I still own and use my original Apple iPad from 2010. It now serves solely as a music player, but it still works. A testament to the build quality and adaptability of the tablet devices.

Originally, the iPad was primarily designed as a media consumption device. A portable screen that gave access to the internet of things and allowed audio and visual access. Steve Jobs stubbornly resisted the idea of a stylus, this was a device for human interaction and that was the finger. The trouble with that approach was we creative types wanted the iPad to be more than a consumption device we wanted it to be a creative device. For me, it moved me one step closer to a digital sketchbook.

Within months of release art applications started to appear and after that YouTube videos showing how you could create your own stylus. I immediately made one. It sounds odd now to say it consisted of a metal pen with a small press-stud attached at the bottom with cotton, but amazingly, it worked. Long before any commercial stylus appeared, I was drawing with something other than my finger. (I still have it pictured below)


Over the ten years I tried many and varied stylus on ever more powerful iPads. Some were simple foam or rubber tipped affairs, others designed like brushes or pencils, some even offered a crude pressure sensitivity. The artistic software applications bloomed. Every week a new App. was released and again I tried them all. Each getting closer to what I was looking for. A digital device that accurately depicted natural media but crucially had an undo option and layers and text etc.

I have to admit that it was only when the iPad Pro and the Apple pencil were released along with compatible art Apps that I became fully hooked. The iPad is now as much a part of my creative workflow as the pencil and paper used to be. It is the one computer I use every day, more so than the iPhone. It is the ubiquitous nature of the device and its endless innovative applications that allows me to use it equally for business purposes, social interaction and creative output, sometime all three at once.

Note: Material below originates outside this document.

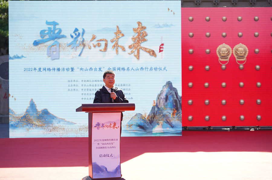 圖為“晉彩向未來(lái)”2022年度網(wǎng)絡(luò)傳播活動(dòng)暨“向山西出發(fā)”全國(guó)網(wǎng)絡(luò)名人山西行活動(dòng)啟動(dòng)儀式現(xiàn)場(chǎng)。宋岳庭、江建橋攝

The steady evolution of the iPad from those low resolution, low powered devices in 2010 to the astonishingly high resolution and incredibly powerful processors of the current pro range fills me with hope for the future. With Adobe having released a fully implemented version of Photoshop and the competitive alternatives from Affinity going from strength to strength, along with dedicated stalwarts like Procreate, creativity on the iPad looks to be assured.
A recent survey amongst artists and designers showed that the iPad was the preferred digital tool of choice, beating Wacom and Microsoft’s surface. Whenever I see Apple falling behind the competition, they inevitably innovate themselves back into pole position. I for one hope this continues to be the case, especially with the iPad.